Monday, January 21, 2008

Daddiness is next to godliness

Our son is at the stage where he makes connections between things he reads in books and things that exist in our house. He can't talk yet, but when he sees an animal in a book for example, he points off in the distance and grunts, signaling to us that such an animal exists somewhere else in our abode. He will not stop grunting and pointing until we have verbally stated that to which he is referring. It proves difficult for us sometimes. "Where did I see a penguin in the house?" Or the first time he insisted there was a bunny in the house, contrary to parental knowledge. He sure showed his mommy.

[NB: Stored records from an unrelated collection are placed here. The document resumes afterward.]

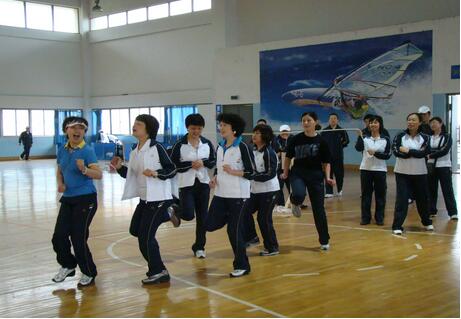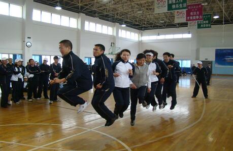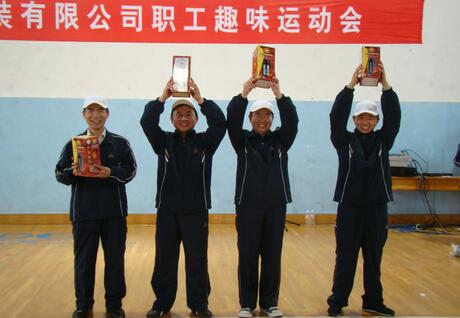 終于輪到最讓人期待的集體比賽項目了;十人一組的集體跳繩,是所有項目中最能體現(xiàn)一個團(tuán)隊協(xié)作精神的項目。在規(guī)定的3分鐘內(nèi),繞繩的兩人和跳繩的八人必須步伐合拍,節(jié)奏一致。第一個上場比賽的是第一代表隊(第一工廠),賽前其他的參賽隊員多多少少都會在場邊進(jìn)行熱身練習(xí),只有這個第一代表隊列隊旁觀,仿佛吃了定心丸,個個胸有成竹的樣子。按照比賽規(guī)則,正式比賽前允許有兩次試跳,第一代表隊的選手開始試跳了;第一次,魏引娟的鞋子差點被“引”了出去…第二次,好像又是田蓉踩了后面胡光榮的腳…兩次試跳,一工廠的成績并不理想,場邊已有人竊竊私語“牛什么,誰讓他們剛才不練習(xí),估計前三都進(jìn)不去!”,但是場上所有一工廠隊員的眼神依然十分淡定。隨著裁判員的倒數(shù)三二一,比賽開始了!“1,2,3,4…..119、120、121”停!天哪,沒想到第一個上場的第一代表隊居然在三分鐘內(nèi)整整跳了121下!這個成績也最終讓他們站上了集體跳繩比賽冠軍的領(lǐng)獎臺,并比第二名整整領(lǐng)先了31個!賽后心有不甘的其他代表隊成員向領(lǐng)隊盧正軍請教,為何他們不用練習(xí)就能如此完美發(fā)揮?答曰“誰說我們不練?!我們所有參賽隊員在比賽前十天連吃午飯都是手拉手蹦著去的……”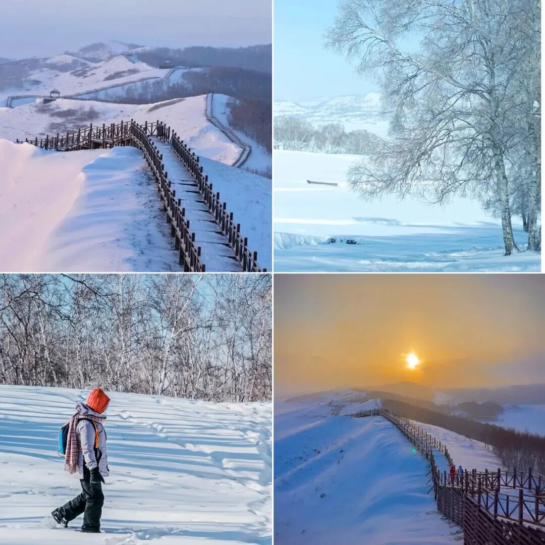 「乌兰布统影视基地」登上木栈道观雪域全貌, “北国风光千里冰封,万里雪飘的风光瞬时呈现,登上木栈道入眼帘,银装素裹的雪原分外妖娆。沿木栈道感受欧式雪原的起伏,夕阳西下,冬日柔和的日光穿过云层将整个天空和大地染成温柔的粉色。这就是北方冬天带来的浪漫。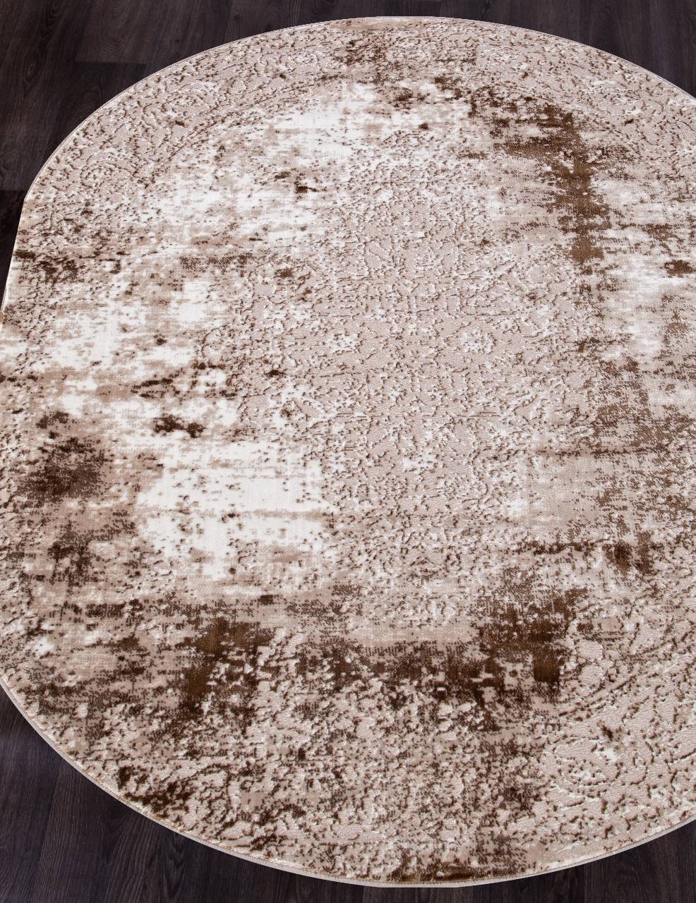 Овальный ковер в бежевой и коричневой расцветке станет хорошим украшением для любого современного ин...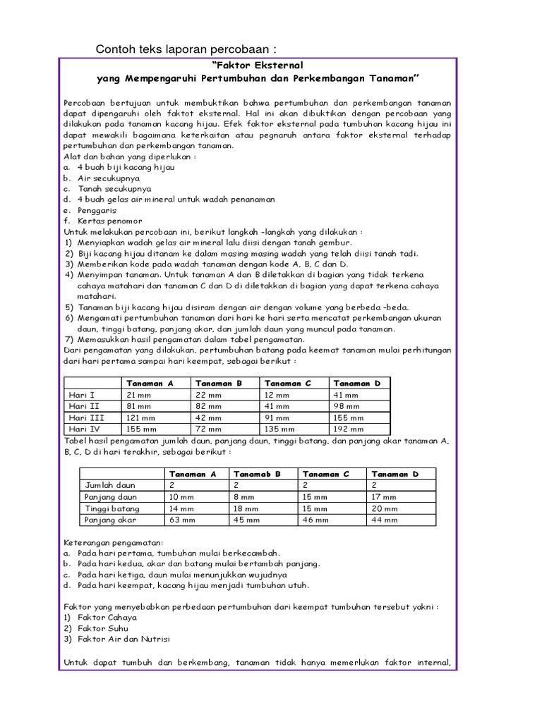 Saat itu terlihat kuncup batang mulai terlihat diatas permukaan tanah dengan panjang rata rata 1 cm. Nah laporan percobaan tersebut umumnya disebut sebagai teks laporan percobaan. 12 Rumusan Masalah 121 Apakah pengaruh factor eksternal cahaya matahari terhadap pertumbuhan tanaman kacang hijau.

Last night we reached a new level of object transference. While reading one of his many wonderful Zonderkidz books, we came across a picture of Jesus. As per usual we stated the name of the person/thing at which he was pointing in first French, then English. Customarily this is followed by him pointing into the distance, usually in reference to the crucifix in our basement. Not this time. This time he burrowed his pointer finger deep into my chest, as it was very obvious to him that I am Jesus. His youthful innocence diminishing any blasphemy inherent in such an assertion, we tried very hard not to burst out in laughter and assured him that daddy was not Jesus, just daddy. He insisted further. We decided to compromise and told him that both daddy and Jesus were men (myself not being in the past tense; at least not until after the third kid). He was satisfied with this explanation.

I'm not sure where he obtained the notion that I was Jesus. I don't even have facial hair beyond weekend stubble. But it sure makes me feel like I've got some big shoes to fill!

1 comment:

Anonymous said...

What? You're not jeebus? So, you can't turn water into wine for me? Boo!